Anna L. Lambert v. John H. Park, M.D.

597 F.2d 236, 1979 U.S. App. LEXIS 15180

• Court: Court of Appeals for the Tenth Circuit
• Decided: April 25, 1979
• Docket: 78-1162
• Status: Published

Opinion

McKAY, Circuit Judge.

The problem this diversity case presents is whether the doctrine of “informed consent” 1 in medical malpractice cases is a part of Oklahoma law. If it is, we must decide whether the trial court erred in not instructing the jury on “informed consent” in light of the evidence introduced at trial. It is clear that the law of Oklahoma is in flux and that we have no unambiguous guidance in Oklahoma case law on whether the doctrine is recognized by the courts of that state. This is nowhere more clearly illustrated than in the reliance by both parties on the same case, Martin v. Stratton, 515 P.2d 1366 (Okl.1973), as settling Oklahoma law in their favor.

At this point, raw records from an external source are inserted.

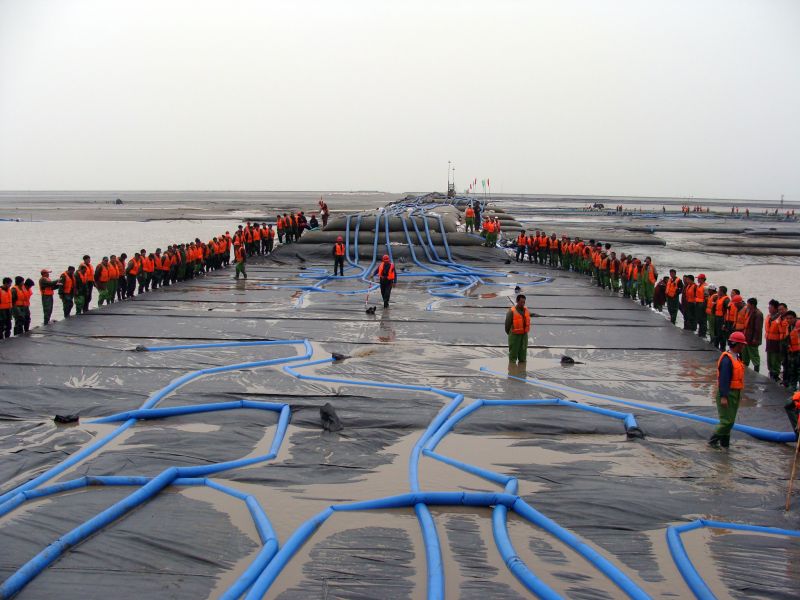 如东洋口港海中围堰吹填合龙
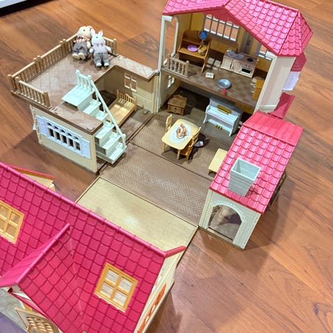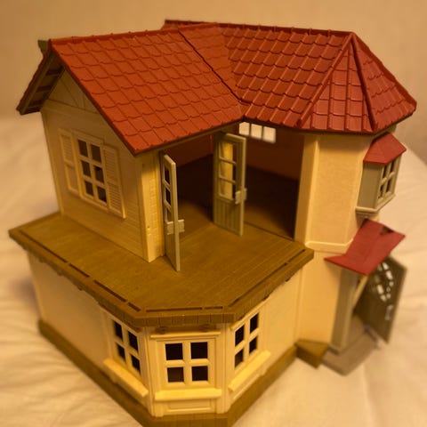 Sylvanian Families leikkitalosetti, johon kuuluu kaksikerroksinen talo sekä useita eläinhahmoja ja pieniä tarvikkeita. Setissä on muun muassa talo parvekkeella ja riippumatolla, pöytä ja tuoleja, uuni tai takka sekä erilaisia pieniä esineitä, kuten kastelukannu ja koristeita. Yhteensä 6 pienempää hahmoa ja yksi isompi. Sopii roolileikkeihin ja kokoelman täydentämiseen Sylvanian Families -sarjassa.
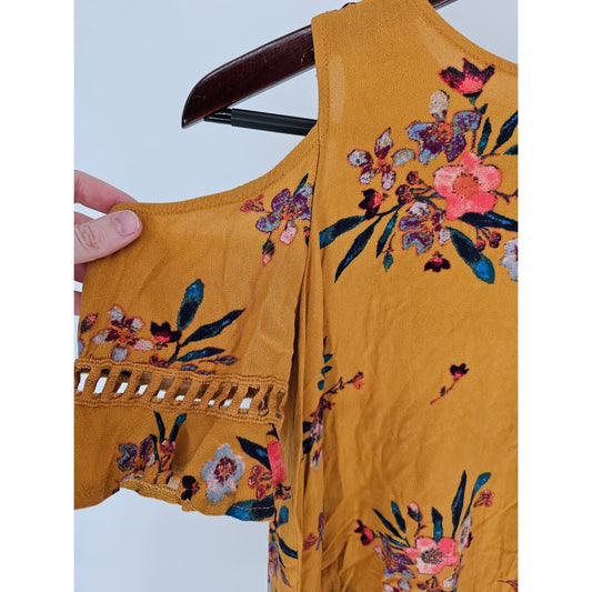 Xhilaration Womens Sz S Knee Length Cold Shoulder Boho Dress Mustard Yellow
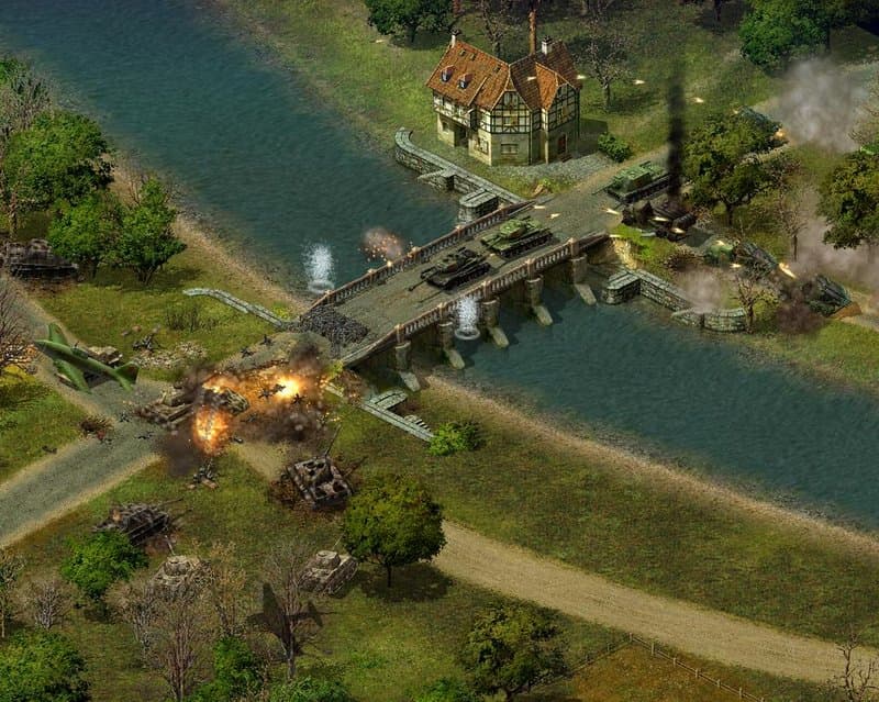 Германия, 1945. Немецкие «Королевские Тигры» и поддерживающие их силы защищают мост от атаки советских танков и «Катюш».

We agree that Martin is the key to the existing but perhaps undeclared law of Oklahoma. By using that key, we conclude that informed consent is a part of Oklahoma law although its dimensions have not yet been fully developed. Martin was a case brought partly on an informed consent theory. The Oklahoma Supreme Court had an opportunity to affirm the trial court’s grant of defendant’s demurrer by simply declaring the doctrine was not a part of Oklahoma law. Instead, a unanimous 2 court elected to discuss the doctrine extensively, concluding:

[I]f the theory of liability referred to as “informed consent” is ever adopted by this Court the plaintiff will have the burden to either introduce evidence from which the jury could reasonably infer that the defendant failed to disclose to plaintiff what a reasonably prudent physician in the medical community in the exercise of reasonable care would have disclosed to his patient, or evidence from which the jury could reasonably infer that material risks were inherent in the proposed medical procedure in terms of seriousness, probability of occurrence and feasibility of alternatives, and defendant failed to disclose these risks to plaintiff.

515 P.2d at 1369-70.

Having elected not to reject the doctrine when that would have been the easy means of affirming the trial court, the court then held that plaintiff had failed to make out a case under either of the two applicable informed consent standards. We view that approach, combined with the current trend in other jurisdictions to employ the doctrine, 3 as indicating that the Oklahoma Court would adopt the informed consent doctrine in an appropriate case. As will be clarified below, the evidence introduced in this case, unlike the evidence in Martin, would support a conclusion of liability under the doctrine. We therefore decide that if the instant case were before the Oklahoma Supreme Court, the Court would rule the doctrine applicable to it. Failure to instruct on “informed consent” was therefore error. 4

Before turning to a discussion of the evidentiary basis warranting instruction on informed consent, we turn to consider which particular standard for instructing the jury the Oklahoma Court would adopt. As noted in Martin, three major tests are extant. The Court classified these standards according to the burden of proof placed on the parties. In “professional standard” or “community standard” jurisdictions the plaintiff usually bears the burden of showing that a doctor in good standing in the community would have disclosed the risk, but that defendant did not. 515 P.2d at 1369. See, e. g., Aiken v. Clary, 396 S.W.2d 668 (Mo.1965); ZeBarth v. Swedish Hospital Medical Center, 81 Wash.2d 12, 499 P.2d 1 (1972); Wilson v. Scott, 412 S.W.2d 299 (Tex.1967). 5

In those jurisdictions adopting a “materiality of risk” standard, testimony as to professional standards is not required; rather, plaintiff must bear the burden of proof to establish materiality of the undisclosed risks, which is determined by “the seriousness of the consequence, the probability of occurrence and the feasibility of alternatives.” 515 P.2d at 1369. See, e. g., Getchell v. Mansfield, 260 Or. 174, 489 P.2d 953 (1971).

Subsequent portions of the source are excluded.